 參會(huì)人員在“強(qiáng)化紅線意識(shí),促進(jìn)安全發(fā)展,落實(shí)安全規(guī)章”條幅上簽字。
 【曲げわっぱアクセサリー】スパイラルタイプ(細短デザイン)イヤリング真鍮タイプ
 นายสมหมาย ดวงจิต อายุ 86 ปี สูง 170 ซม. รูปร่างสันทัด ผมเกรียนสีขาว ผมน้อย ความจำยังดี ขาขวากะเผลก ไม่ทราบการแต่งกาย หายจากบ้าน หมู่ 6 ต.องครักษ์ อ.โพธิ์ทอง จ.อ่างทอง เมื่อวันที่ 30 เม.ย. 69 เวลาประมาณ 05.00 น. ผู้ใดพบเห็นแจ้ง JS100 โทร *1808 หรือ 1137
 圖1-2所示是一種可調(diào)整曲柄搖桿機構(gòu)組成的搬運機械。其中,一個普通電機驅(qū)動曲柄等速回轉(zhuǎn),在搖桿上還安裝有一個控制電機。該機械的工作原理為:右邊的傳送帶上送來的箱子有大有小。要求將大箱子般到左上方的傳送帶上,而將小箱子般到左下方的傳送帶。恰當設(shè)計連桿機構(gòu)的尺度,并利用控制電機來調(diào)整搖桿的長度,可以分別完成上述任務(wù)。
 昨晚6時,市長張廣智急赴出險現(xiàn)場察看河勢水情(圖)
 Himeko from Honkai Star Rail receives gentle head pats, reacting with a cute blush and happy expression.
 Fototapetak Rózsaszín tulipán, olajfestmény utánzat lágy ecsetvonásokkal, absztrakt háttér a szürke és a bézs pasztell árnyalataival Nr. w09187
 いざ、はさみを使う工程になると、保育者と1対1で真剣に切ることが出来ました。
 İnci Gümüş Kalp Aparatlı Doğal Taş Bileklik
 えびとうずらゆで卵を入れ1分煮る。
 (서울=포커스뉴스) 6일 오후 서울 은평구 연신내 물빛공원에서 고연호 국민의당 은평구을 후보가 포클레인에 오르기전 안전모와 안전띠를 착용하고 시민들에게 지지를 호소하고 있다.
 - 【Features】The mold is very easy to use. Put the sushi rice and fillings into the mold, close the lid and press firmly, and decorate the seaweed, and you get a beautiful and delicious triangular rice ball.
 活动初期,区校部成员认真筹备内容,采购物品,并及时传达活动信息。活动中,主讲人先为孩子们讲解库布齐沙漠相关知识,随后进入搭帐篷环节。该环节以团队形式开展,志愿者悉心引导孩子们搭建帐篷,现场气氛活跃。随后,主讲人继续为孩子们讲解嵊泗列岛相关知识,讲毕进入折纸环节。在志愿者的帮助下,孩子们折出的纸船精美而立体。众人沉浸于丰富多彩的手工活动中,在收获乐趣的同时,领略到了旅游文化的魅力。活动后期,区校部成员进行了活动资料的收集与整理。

Task prompt:
Reproduce, with no other lines, the one containing "İnci Gümüş Kalp Aparatlı Doğal Taş Bileklik" and all lines after it through the end of the data above.

The answer:
 İnci Gümüş Kalp Aparatlı Doğal Taş Bileklik
 えびとうずらゆで卵を入れ1分煮る。
 (서울=포커스뉴스) 6일 오후 서울 은평구 연신내 물빛공원에서 고연호 국민의당 은평구을 후보가 포클레인에 오르기전 안전모와 안전띠를 착용하고 시민들에게 지지를 호소하고 있다.
 - 【Features】The mold is very easy to use. Put the sushi rice and fillings into the mold, close the lid and press firmly, and decorate the seaweed, and you get a beautiful and delicious triangular rice ball.
 活动初期,区校部成员认真筹备内容,采购物品,并及时传达活动信息。活动中,主讲人先为孩子们讲解库布齐沙漠相关知识,随后进入搭帐篷环节。该环节以团队形式开展,志愿者悉心引导孩子们搭建帐篷,现场气氛活跃。随后,主讲人继续为孩子们讲解嵊泗列岛相关知识,讲毕进入折纸环节。在志愿者的帮助下,孩子们折出的纸船精美而立体。众人沉浸于丰富多彩的手工活动中,在收获乐趣的同时,领略到了旅游文化的魅力。活动后期,区校部成员进行了活动资料的收集与整理。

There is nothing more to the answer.